### Extracted data ###

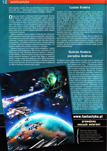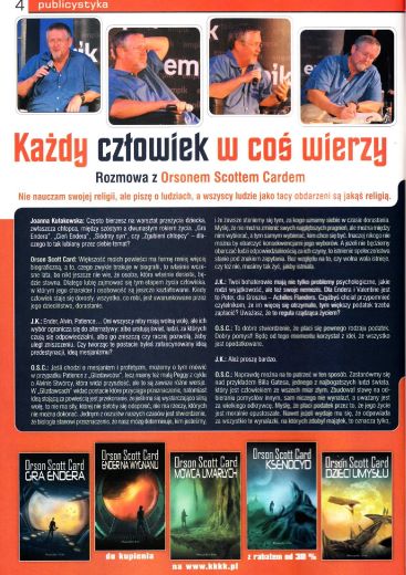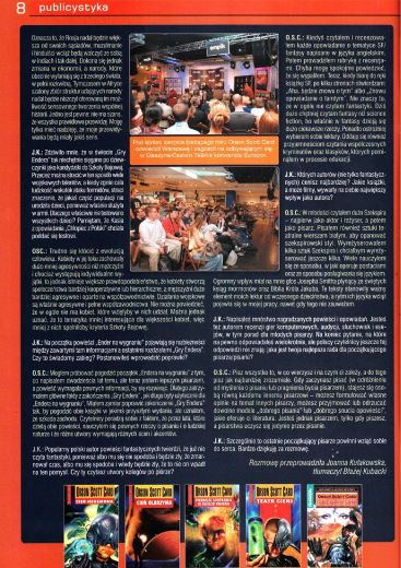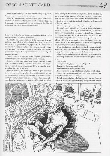 11. В рубрике «Встреча с писателем» напечатано интервью, взятое Бартеком Свидерским у американского писателя Орсона Скотта Карда/Orson Scott Card (стр. 70 -71).
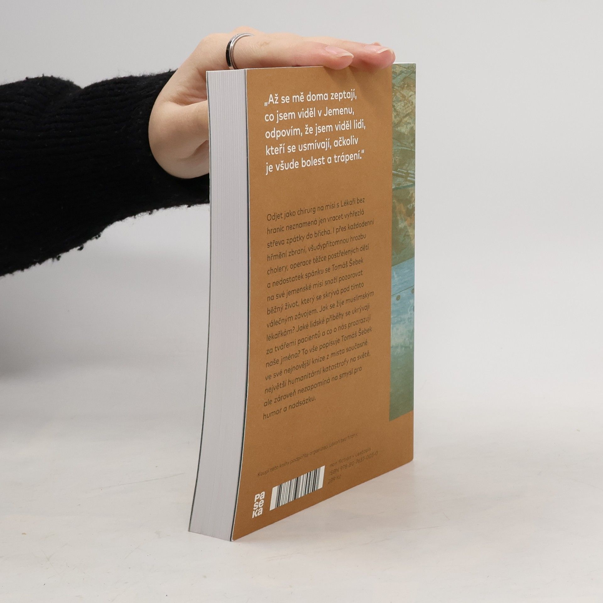 Odjet jako chirurg na misi s Lékaři bez hranic neznamená jen vracet vyhřezlá střeva zpátky do břicha. I přes každodenní hřmění střelby, všudypřítomnou hrozbu cholery, operace těžce postřelených dětí a nedostatek spánku se Tomáš Šebek na své jemenské misi snaží pozorovat běžný život, který se skrývá pod tímto válečným závojem. Jak se žije muslimským lékařkám? Jaké lidské příběhy se ukrývají za tvářemi pacientů a co o nás prozrazují naše jména? To vše popisuje Tomáš Šebek ve své nejnovější knize z místa současné největší humanitární katastrofy na světě, ale zároveň nezapomíná zapojit i smysl pro humor a nadsázku.
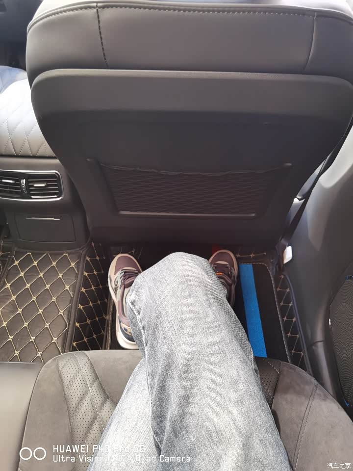 后排空间就更不用担心了。得益于2870的超长轴距,后排空间真的是很巨大,我这个身高的人,前排调整好座椅位置,座椅靠背基本上在B柱位置了,我依然可以轻松的翘起二郎腿!
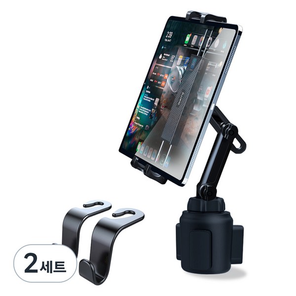 21번: 아이베리 HQ 차량용 태블릿 휴대폰 컵홀더 거치대 + 다용도 후크 걸이 2p 세트, 블랙, 2세트
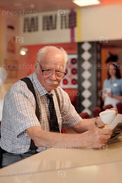 Вовлечение пожилого мужчины наслаждается кофе на уютном кафе
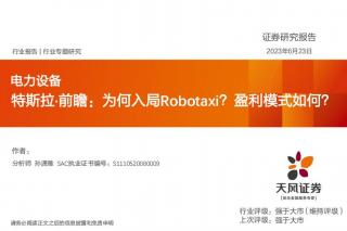 [无人驾驶]2023-06-24-天风证券-电力设备行业专题研究:特斯拉·前瞻:为何入局Robotaxi?盈利模式如何?-17页(银创产业通www.chanyetong.net)(银创产业通www.chanyetong.net)
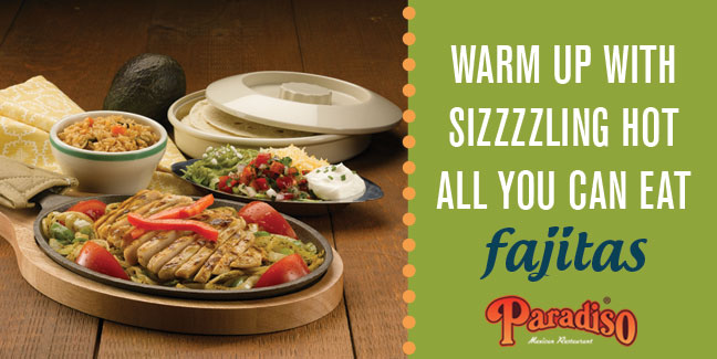 Treat yourself to your favorite sizzling fajitas for all you can eat steak, chicken, pork carnitas, and meatless fajitas all day on Wednesdays!

###

## Try it
Print the lines from the one that contains "[无人驾驶]2023-06-24-天风证" through the last line of the data, exactly and in full, and no other lines. Pictures are not part of the copy.

## Response to this exercise
 [无人驾驶]2023-06-24-天风证券-电力设备行业专题研究:特斯拉·前瞻:为何入局Robotaxi?盈利模式如何?-17页(银创产业通www.chanyetong.net)(银创产业通www.chanyetong.net)
 Treat yourself to your favorite sizzling fajitas for all you can eat steak, chicken, pork carnitas, and meatless fajitas all day on Wednesdays!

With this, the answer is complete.